2) The Appellant is required to lodge with the Commission and serve appeal books in accordance with rules 56(3) and 52 of the Fair Work Commission Rules 2013, which provides:
56 Appeals
...
(3) The appellant must, within 7 calendar days after lodging the notice of appeal, lodge the following with the Commission:
(a) 3 copies of the notice of appeal;
(b) 3 copies of a paginated appeal book containing:
(i) any order made by the Commission to which the appeal relates; and
(ii) the statement of the reasons for the decision being appealed against; and
(iii) the transcript of the evidence and argument in the matter from which the appeal is brought, or the relevant extract from the transcript; and
(iv) each document that was an exhibit or written submission in the matter from which the appeal is brought that relates to the grounds of appeal set out in the notice of appeal.

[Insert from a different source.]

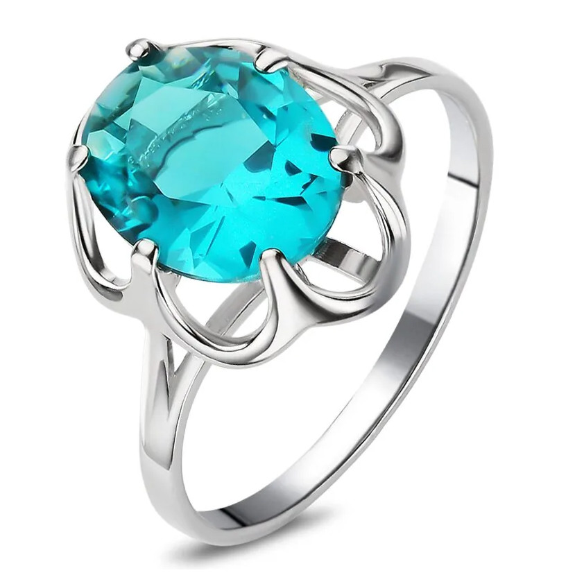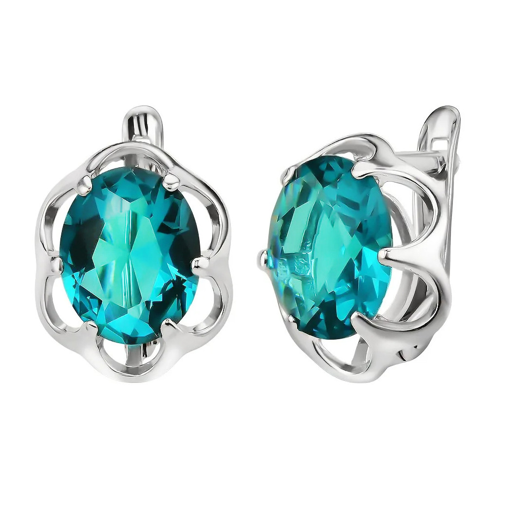 Серьги с кварцем из родированного серебра 925 пробы. Вставка: параиба кварц.

Note: Rule 52 requires the appellant to serve a copy of the appeal book upon each party to the matter from which the appeal is brought.”
[4] On 24 March 2015, a document comprising 4 pages was handed to staff at the Brisbane registry of the Commission. Although no matter number was on the document, it was apparent it related to this appeal. The first three pages of the document contained a very broad range of complaints made by Mr Stupar, similar to those he made in documents attached to his notice of appeal which we will refer to later. For present purposes it is adequate to note that the first three pages of the document complain about practices engaged in by employees at one of the respondent’s mail facilities, the manner in which the respondent had treated Mr Stupar and comments about the difficulty he had experienced in obtaining legal advice. A number of comments about historical events and ethnicity were also made which we do not propose to summarise. They are not relevant to the considerations raised in this appeal. The fourth page of the document contains details of a flight booking sent from “Flight Centre” on 14 January 2015. Mr Stupar is named on the booking as the passenger and it indicates that he would be travelling to an overseas destination on 1 April 2015. The return date appears to be 28 May 2015. Although nothing was said about the relevance of that document we have assumed it was an attempt by Mr Stupar to indicate that he would not be attending the hearing of the appeal. It would appear that the booking to travel overseas was made in or about January of 2015. However, as we have earlier observed, no application for an adjournment of the hearing of the appeal was made. The notice of listing made it clear that the appeal would proceed in the absence of a party. We decided there were no grounds upon which it would be appropriate for us to adjourn the hearing of the appeal. For the reasons we later address, the respondent was entitled to insist on the appeal proceeding as listed and it being dealt with as efficiently as possible.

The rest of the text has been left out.